É importante sinalizar que há algumas similaridades e diferenças do PL nº 246 (BRASIL, 2019) em relação ao PL nº 867 (BRASIL, 2015). Embora ambos prevejam a afixação de cartazes sobre os deveres do professor e, ainda, que tais cartazes estejam nas salas de aula e nas salas de professores, o PL nº 246 (BRASIL, 2019) prevê que alunos e escolas possam filmar as aulas, ou seja, introduz a prática cotidiana da delação como meio de controle moral.

No site, há o uso da expressão “abuso intolerável da liberdade de ensinar”, sugerindo que a liberdade de ensino deve ser cerceada de alguma maneira, já que, nesse discurso do Movimento, ela é ameaçadora e causa danos. O Movimento afirma que os alunos devem ser informados de seus direitos e os professores dos “limites éticos e jurídicos” da sua liberdade de ensinar. E, como explicitado no mesmo texto do Movimento, se os direitos dos alunos decorrem dos deveres dos professores, a “liberdade” do aluno e o “direito” da família decorreriam do cumprimento dos deveres do professor, definidos pelo Movimento (ESCOLA SEM PARTIDO, 2014).

É interessante observar como há uma lógica cerceadora e impositiva nesses enunciados, que somente se justificam pelo emprego de estratagemas de terror que impedem a reflexão e levam à reiteração do que se afirma. Trata-se do emprego de uma lógica propriamente totalitária, em que ao professor caberia cumprir com ações previamente delimitadas para ele pelo Movimento.

O Movimento tem um aspecto totalitário na medida em que as possibilidades de liberdade e de exercício de direitos já são preestabelecidas por ele, de uma maneira que busca delimitar uma função precisa e não autônoma para cada um na organização social. Nessa ordem, os pais delimitam o que filho pode ou não aprender, os alunos exigiriam o cumprimento dos deveres dos professores, e estes exerceriam os deveres que são os próprios princípios do Movimento. A lógica fechada do sistema que tudo submete ao princípio da dominação confere ao controle proposto pelo Movimento o poder de regulamentação dos aspectos da vida que poderiam promover autonomia.

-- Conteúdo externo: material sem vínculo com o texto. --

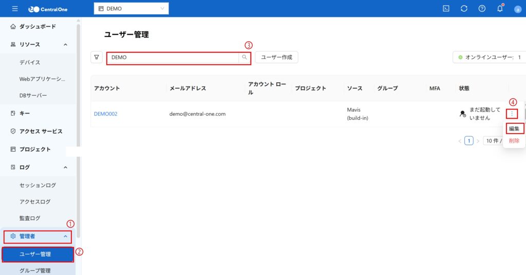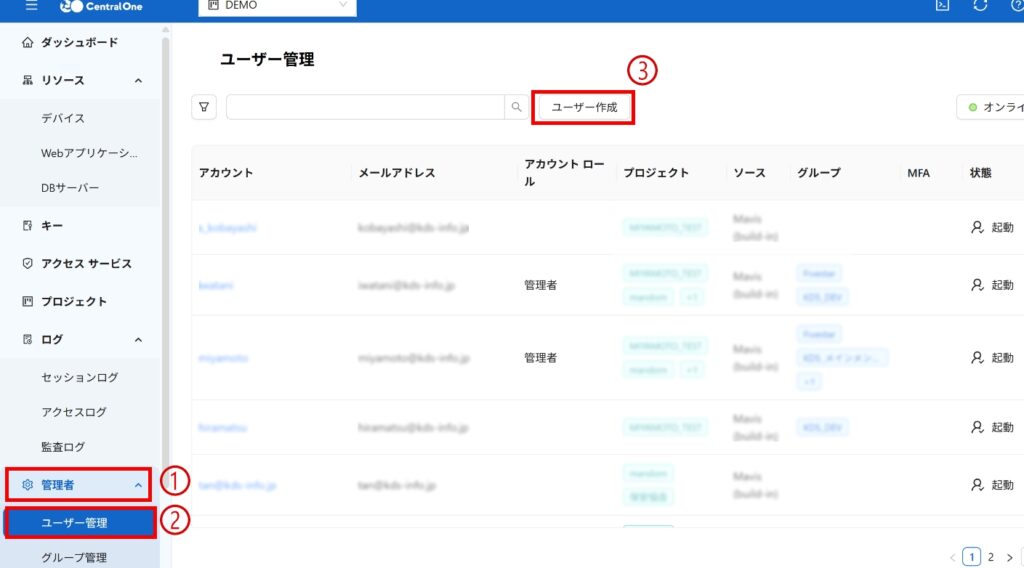 ユーザーのアカウント役割が管理者である必要があります。管理インターフェースからユーザー管理を行います。

No site do Movimento, há um link de acesso rápido com o título “Faça sua parte”, incitando a ação direta. O conteúdo indica que se deve buscar um vereador ou deputado comprometido com causas como “liberdade, educação e família” e enviar uma mensagem, ou ainda reunir-se com ele para apresentar um dos modelos de anteprojetos de lei que o site disponibiliza, ou seja, modelos de anteprojeto para os âmbitos federal, estadual e municipal (ESCOLA SEM PARTIDO, 2019d).

É importante observar que no mesmo site, ao se apresentar primeiramente como estratégia a construção de um inimigo e descrever uma situação de impotência, segue-se a possibilidade de aderência ao Movimento. E com essa possibilidade de ação planejada e direcionada pelo Movimento, oferece-se às pessoas a possibilidade de transformar a sensação de impotência em aderência ao movimento, como um apoio, um sentimento de força e ação (ADORNO, 2009).

Ainda a partir dessa mesma página, é possível acessar links como Projetos de Lei em Andamento, podendo visualizar projetos de lei do Movimento apresentados nas esferas federal, estadual e municipal, e ainda links que dão acesso aos anteprojetos de lei estadual e municipal (ESCOLA SEM PARTIDO, 2019c). Ao que tudo indica, parecem esperar que disponibilizando tais anteprojetos, além de links com projetos em andamento e perfis de políticos que apoiam o Programa Escola sem Partido, transforme-se a impotência instigada pela construção de um inimigo e de uma situação ameaçadora em potência de ação, que se traduz na adesão ao movimento e aderência.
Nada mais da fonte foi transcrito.